It’s time for that midterm exam!  And usually students look forward to my “Bonus Question” section.  I’ll put bonus question harder and more challenging than the usual Calculus question.  And they are worth much less than a typical question. This is to discourage weak students to write pages and pages of junk to try their luck.  A typical question like

Find the volume of a solid of revolution if a region bounded by $y=x$ and $y=x^3$ is revolved about the x-axis (for solution see PatrickJMT‘s video).

That could be 30 points and a typical bonus question will be

Find the volume of a solid whose base is a unit circle on the xy-plane and every cross-sectional slice (perpendicular to the x-axis) is a rhombus of interior angles 60 degree and 120 degree.

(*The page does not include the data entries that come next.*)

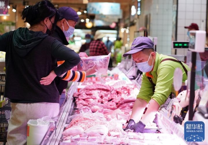 ↑5月13日,在位于北京市海淀区的超市发双榆树店,市民挑选鲜肉。新华社记者 任超 摄
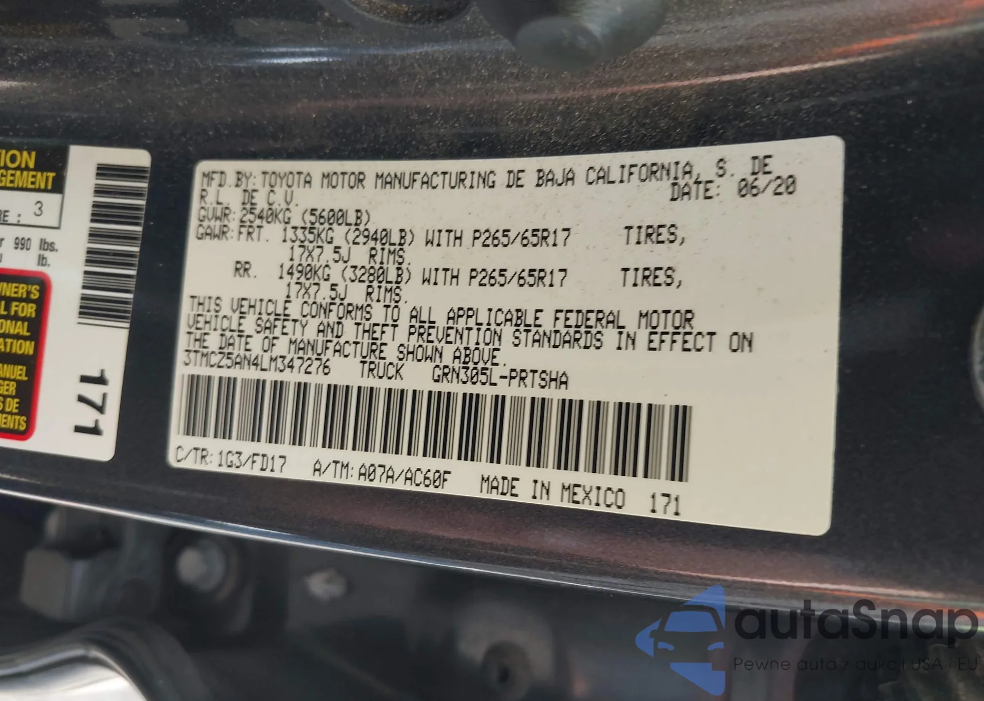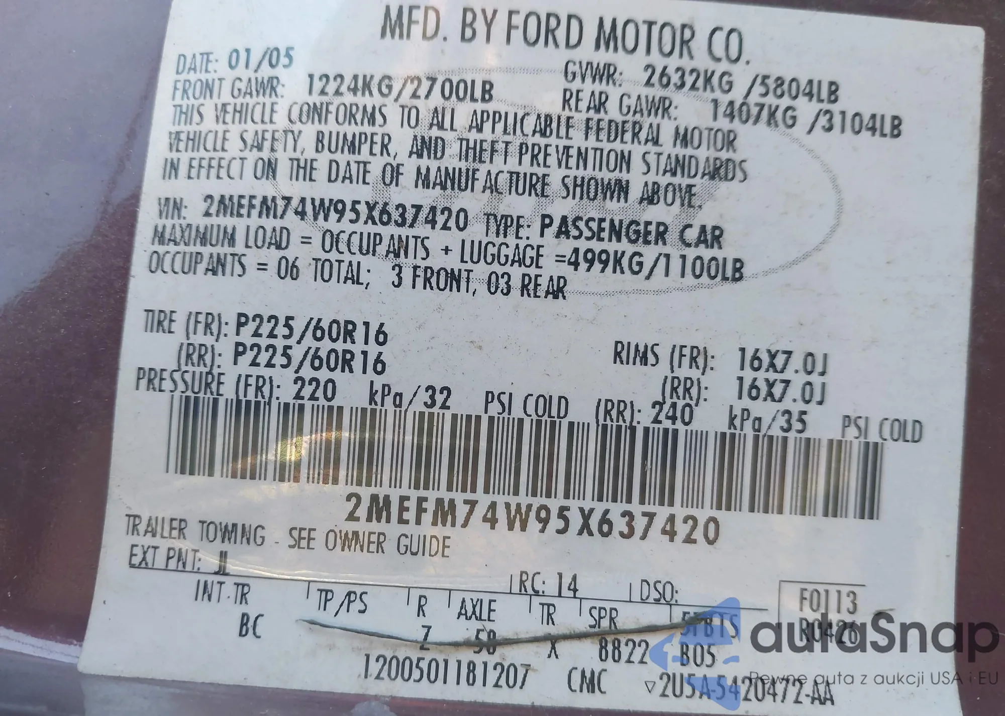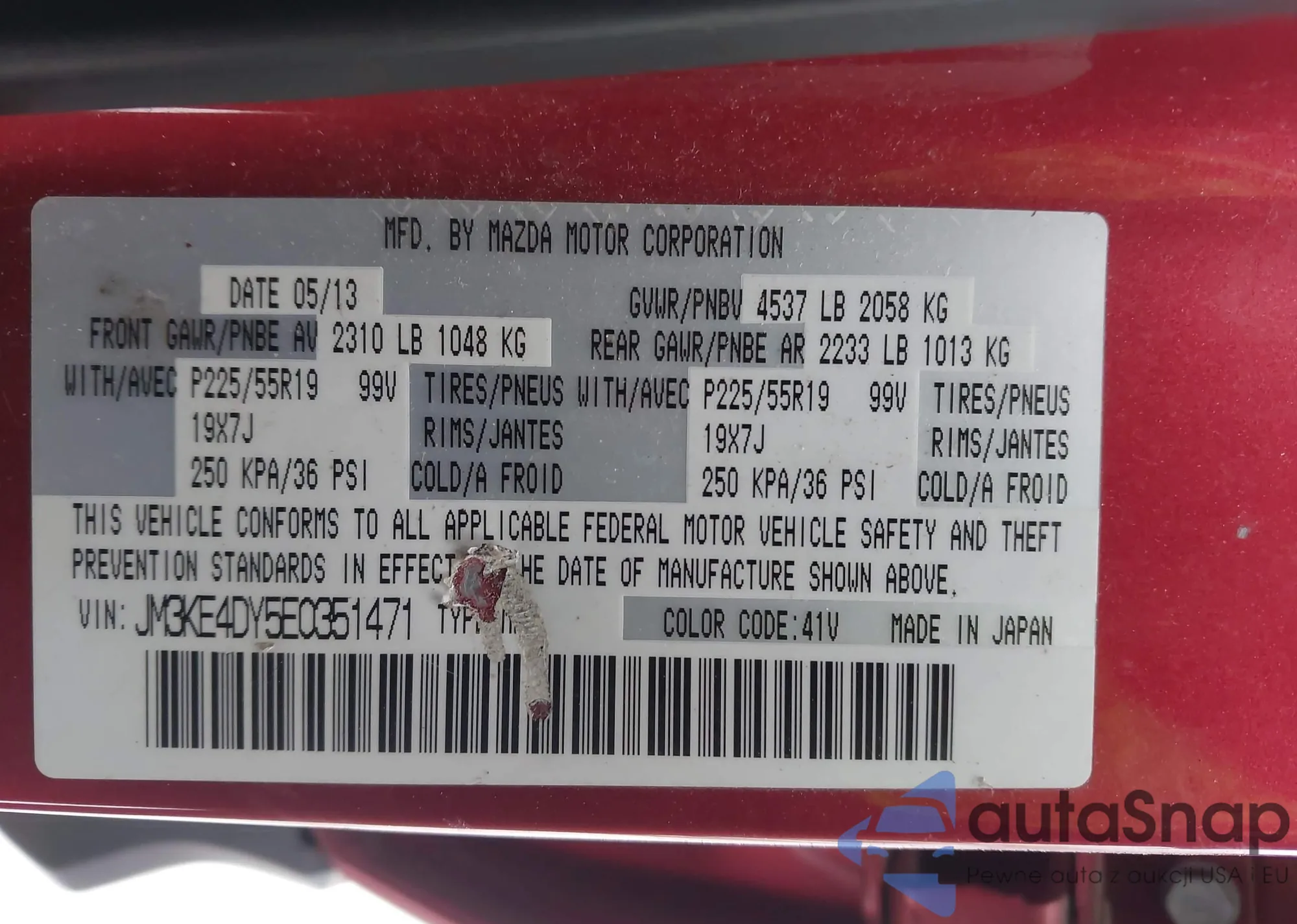 LOT: 43978547 VIN: JM3KE4DY5E0351471
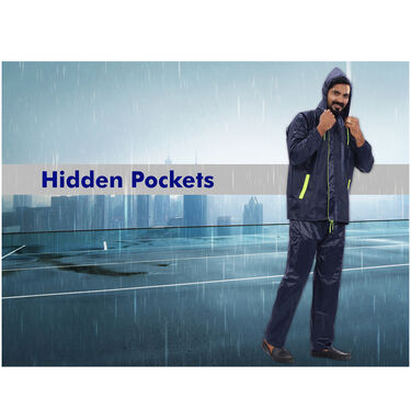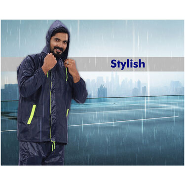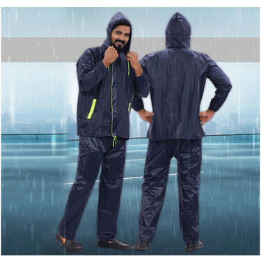 - The complete set consists of full sleeve raincoat with hood & full pant
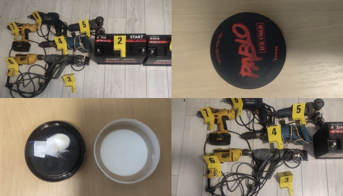 Pronađeni su predmeti koji potiču iz krivičnih djela počinjenih tokom oktobra na štetu dva pravna i jednog fizičkog lica, uključujući brusilice, bušilice, akumulatore, industrijski fen i pvc foliju sa sadržajem bijele materije koja asocira na drogu Speed.
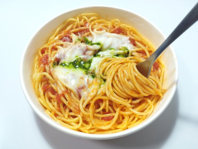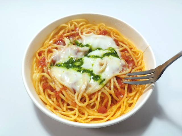 チーズとバジルソースのトマトパスタが気になるっ!!って事で、
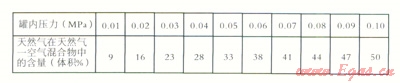 浸灌置換裝置研制時,是采用只混氣不置換,即用10份天然氣混1份空氣達劍蚩換的目的。應該說這是個創(chuàng)新、有價值的設想。有同行提出罐內(nèi)會形成三角形或平面形界面。理由是天然氣比空氣輕一半,天然氣凝聚在上,空氣凝聚在下,形成界面。罐內(nèi)天然氣、空氣永遠靜止有可能形成界面,實際情況是,置換過程中天然氣、空氣是在不停的流動、攪動,形成的是混合物。相當於煤礦瓦斯氣(甲烷約占50%,空氣約占50%),在運行過程中是不會形成界曲的。
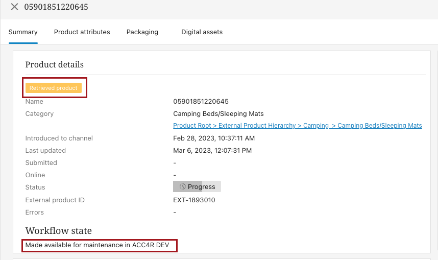 A product that enters PDX in this way will be marked as a ‘retrieved product’ and enter the PDX onboarding process in the workflow state named 'Made available for maintenance in <name of channel>,' as shown in the screenshot below.
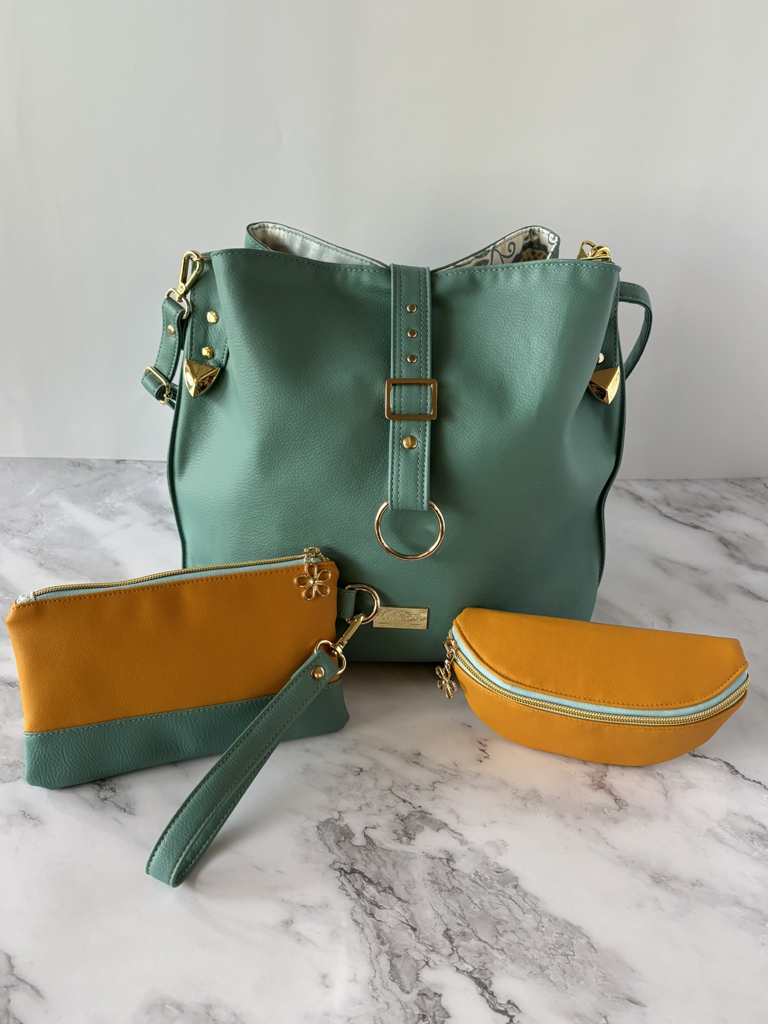 I honestly don't know anyone who wouldn't love this set. The pastel wintergreen semi-slouch handbag is the definition of effortless charm—soft, roomy, and it also is structured enough to stand on its own. It has that bucket/hobo slouchy bag feel, while keeping some structure due to the interior construction. Aside from being the perfect size, it can be carried as a handbag, shoulder bag or a cross-body. The interior is very unique -- with a very large, deep zippered pocket, with two large slip pockets on each side.
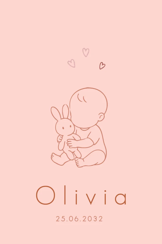 Geboortekaartje baby lijntekening silhouet knuffel konijn
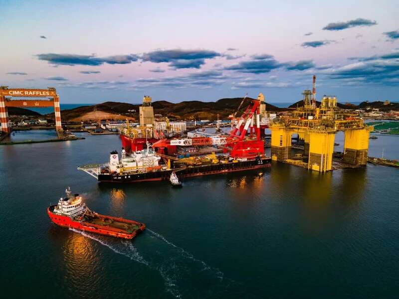 “泰山”吊、“蓝鲸”号起重船、“深海一号”能源站同框。
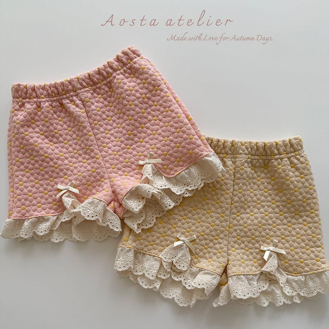 裾にあしらったレースとリボンがさりげないアクセントになっています。
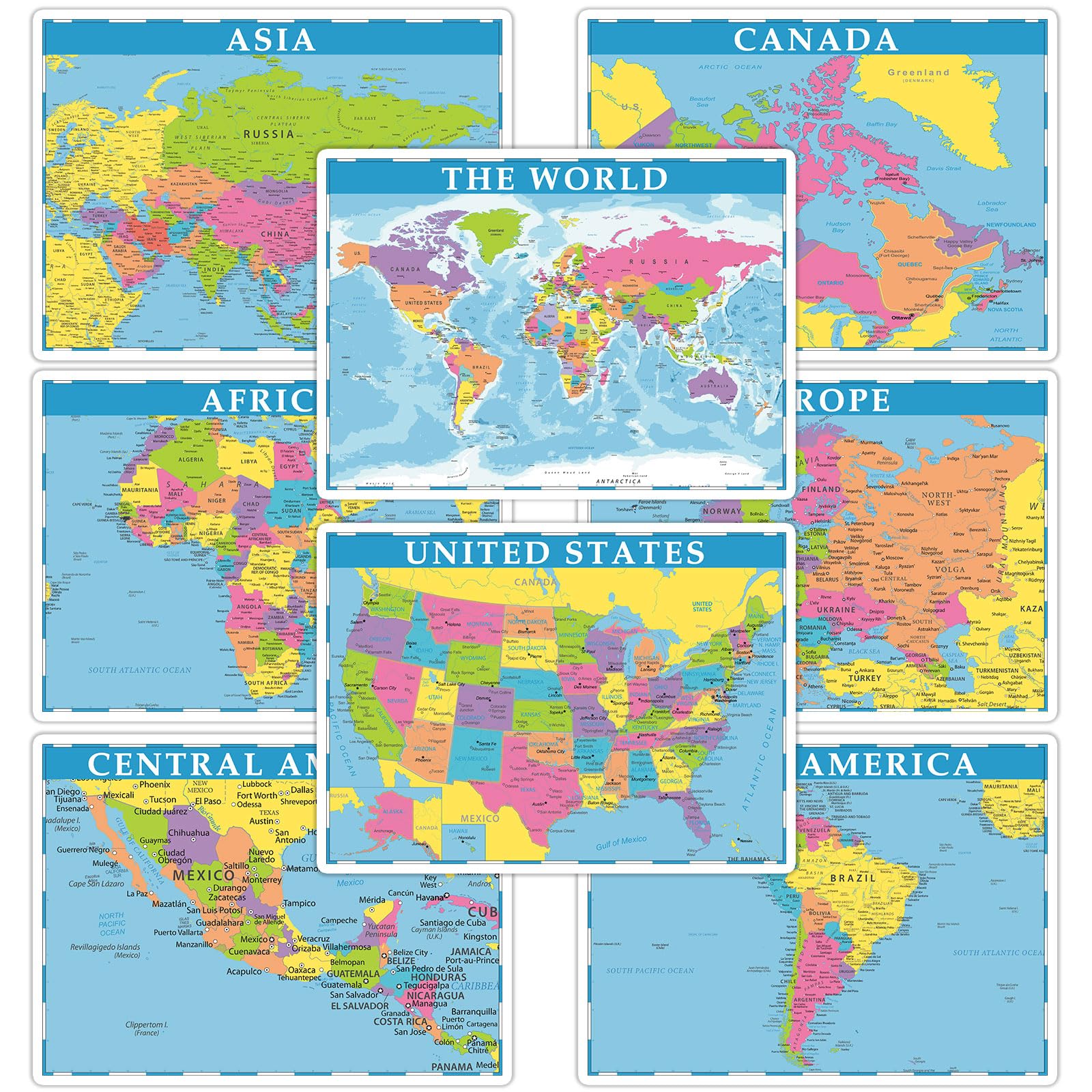 【Educational for Kids Placemats】You will receive 8 pieces educational preschool learning placemats in 8 different designs, including World, USA, Europe, Asia, Africa, South America, Central America, Canada maps. Good early education tools help you infiltrate early education into your child's daily life, and placemats make your child's dinner a time for learning. Great for pre-K and grade school kids.
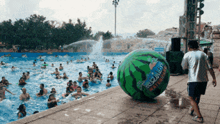 三、水世界吃瓜大赛的现场
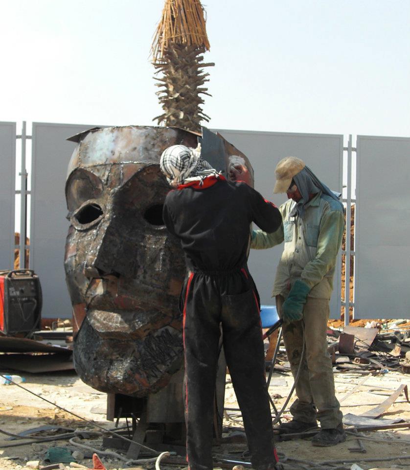Mahmoud Menaysy working in a monumental sculpture in Cairo 2011
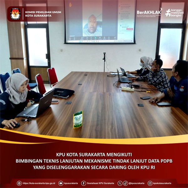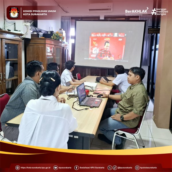 Hadir mewakili KPU Kota Surakarta, Divisi Hukum dan Pengawasan KPU Kota Surakarta, Bambang Christanto, Rois Alfianto Kasubag Teknis Penyelenggaraan Pemilu dan Hukum serta Staf Subbagian Teknis Penyelenggaraan dan Hukum Sekretariat KPU Kota Surakarta.
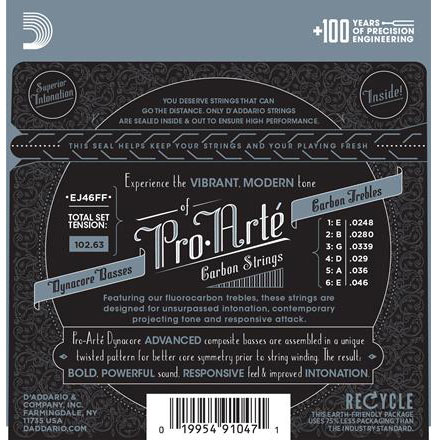 Découvrez le ton vibrant, projeté et contemporain des cordes en carbone Pro-Arté de D’Addario. Conçues selon les spécifications rigoureuses de nos aigus en nylon Pro-Arté, nos cordes en fluorocarbone offrent une intonation supérieure inégalée, une attaque réactive et un ton projeté moderne. Associées aux basses Dynacore audacieuses et puissantes, les carbones Pro-Arté offrent la combinaison idéale de tension et de ton pour le joueur classique d’aujourd’hui.- Intonation supérieure avec une attaque réactive et un ton moderne projeté
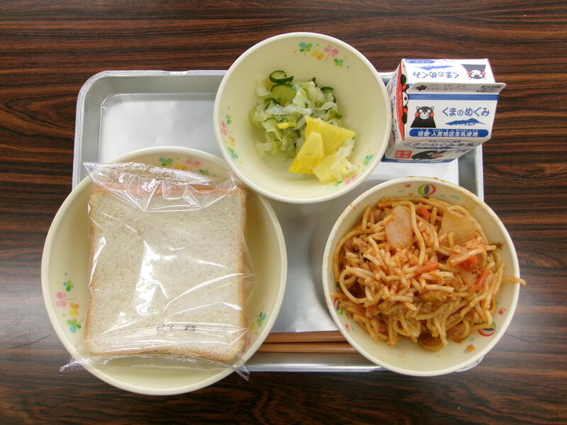 今日の献立は、食パン、スパゲティナポリタン、生パインサラダ、牛乳でした。

and that if answered correctly will be only worth 10 or 15 points with no partial credit for partially correct answers.  Every semester, students who are very strong in Mathematics still got drawn towards these questions and spend a lot of time answering it to my satisfaction.  Sometimes, it’s not all that difficult, it’s just the vocabulary that they had seen before but seldom used and forgot like “rhombi” (instead of rhombuses), “quadrilateral”, “isosceles”, “orthogonal”, “heptagon”, “octagon” and “frustum”.  I usually get lots of surprises and funny answers.  Many think octagon has 10 sides because of October!

Why vocab?  Because I have kids in my class who thought “washer” in the Washer Method in Calculus 2 is referring to a Washing Machine!

But sometimes, when I feel like doing something funky, I’ll ask them

What’s the name of that capital city in Asia that has exactly three words? (I got a lot of studetns putting Ho Chi Minh City as answer to this one.)

Or like today, where tomorrow is Groundhog Day,

Spell the name of the city in our state that’s famous for Groundhog Day.  What is the name of that groundhog?

Other ones I’ve tried in class are:

• When was Issac Newton born?
• Which famous scientist died in the year Newton was born?
• Which is bigger 2^2^2^2 or 3^3^3?  Explain.
• Which mathematician won the Nobel Prize?

The first ones is a little tricky because Newton was born in both Xmas 1642 and Jan 1643, because England was torn between using the Julian calendar and Gregorian calendar.  The last one has multiple answers too, because Dirac (who won the Nobel Prize in Physics in 1933) could be considered a mathematician, like many other Physicists.  And Nash won the Nobel Prize in Economics but many Econ Nobel Laureates after him could be argued as mathematicians, considering the kind of Math they used in Economics now.  Today, many Econ graduate students take classes in Topology in their first year.